Королева души не чаяла в ребенке и делала все необходимое, чтобы уберечь его и дать ему возможность исполнить свою роль в жизни. Когда ему было уже восемь лет, она приказала Элфинстону следить за ним так же внимательно, как за маленьким Артуром. После обильного внутреннего кровотечения королева запретила сыну кататься верхом на лошади, участвовать в любых играх со сверстниками, в результате чего он мог бы получить рану, и вообще не находиться вне ноля зрения матери. В Балморале за Леопольдом тщательно присматривал брат Джона Брауна Арчибальд, который не отставал от парня ни на шаг и часто нес его на руках, когда тот не мог передвигаться сам. Кроме того, королева приставила к нему молодого гувернера из числа офицеров Королевской конной артиллерии по имени Уолтер Джордж Стерлинг. Она очень надеялась, что этот молодой и сильный офицер «позаботится о нашем бедном мальчике».
Принц Леопольд очень полюбил Стерлинга, как, впрочем, и королева, однако офицер не поладил с придворными-шотландцами, в особенности с Арчибальдом Брауном. После нескольких серьезных конфликтов летом 1866 г. королева нашла благовидный предлог и уволила Стерлинга, заявив при этом, что тот «не совсем подходил для столь важной должности и не имел достаточного опыта, чтобы вести себя с мальчиком как настоящий отец».

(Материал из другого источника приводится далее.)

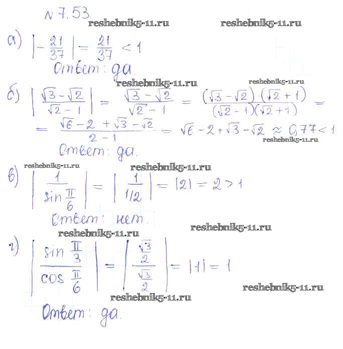 Готовая домашняя работа с ответами по Алгебре за 10 класс Никольский, Потапов, Решетников, Шевкин Учебник МГУ - школе Базовый и углубленный уровень Просвещение 2015 ФГОС - §7. Синус и косинус угла 53
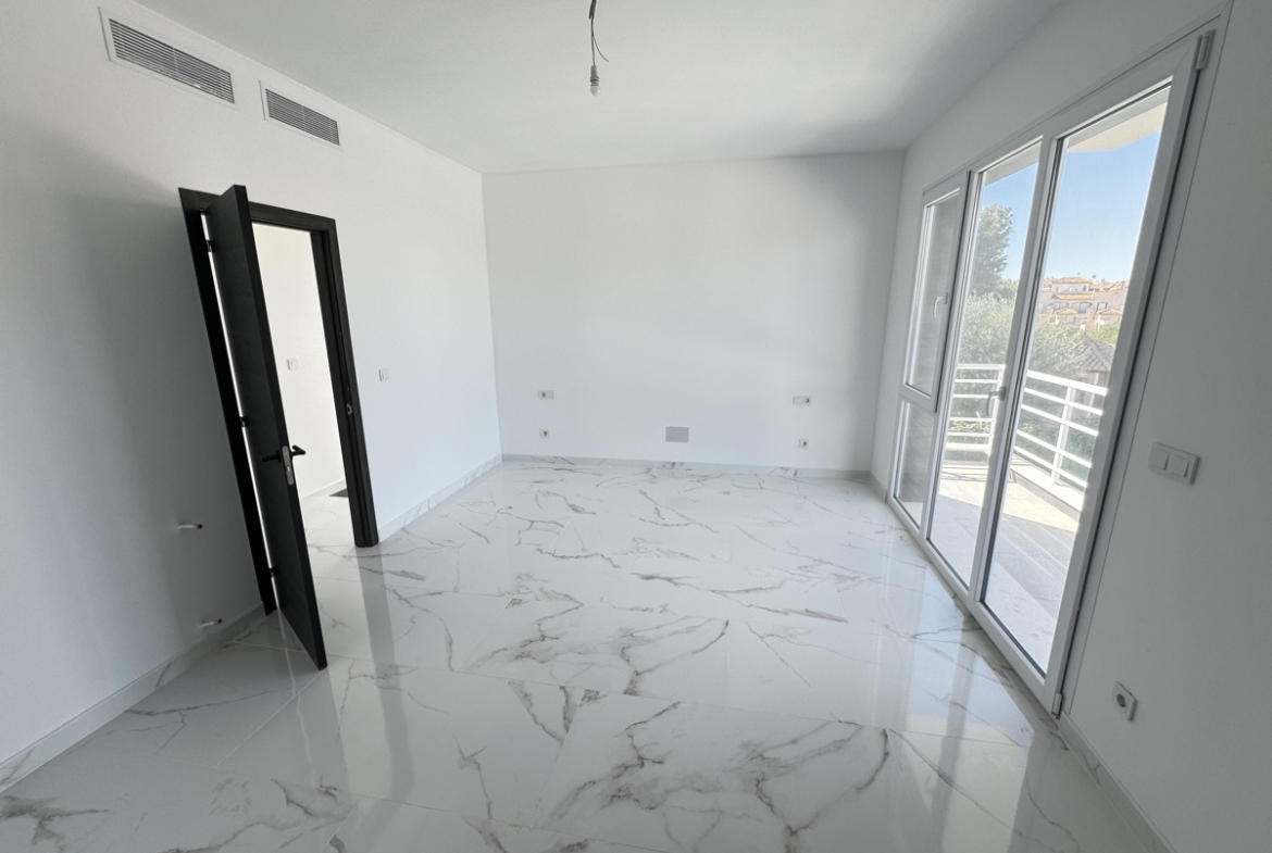Large patio doors lead from the lounge out to the rear garden with terrace area, private pool and outdoor lounge/bathing area. Ideally situated this villa is within walking distance to all amenities.

Леопольд был очень недоволен таким решением и разозлился на мать. Однажды во время обеда тринадцатилетний парень появился в столовой с «большим золотым кольцом на пальце». Естественно, мать сразу же поинтересовалась, откуда у него золотое кольцо, на что тот, густо покраснев, сказал после недолгих раздумий, что ему его подарил мистер Стерлинг. «Не могу выразить словами, – писал Стерлингу Леопольд, – как я скучаю без вас. Мне каждое утро кажется, что вы зайдете ко мне в комнату, а потом мы спустимся в столовую на завтрак, а Луиза будет смотреть на нас сверху вниз. Мне так не хватает вас».
Оставшись без своего любимого гувернера, Леопольд чуть было не потерял возможность общаться со своей сестрой Луизой, которая тоже ненавидела шотландских слуг. Мать запретила сыну заходить к ней в комнату и играть с нею во дворе. «Мне запретили заходить к Луизе, как раньше, – жаловался юноша одном из тайных писем Стерлингу, которые передавал бывшему гувернеру без ведома матери. – А сегодня утром я получил сообщение, что отныне мне категорически запрещено без разрешения мамы приглашать кого бы то ни было в свой железнодорожный вагон во время поездки в Шотландию».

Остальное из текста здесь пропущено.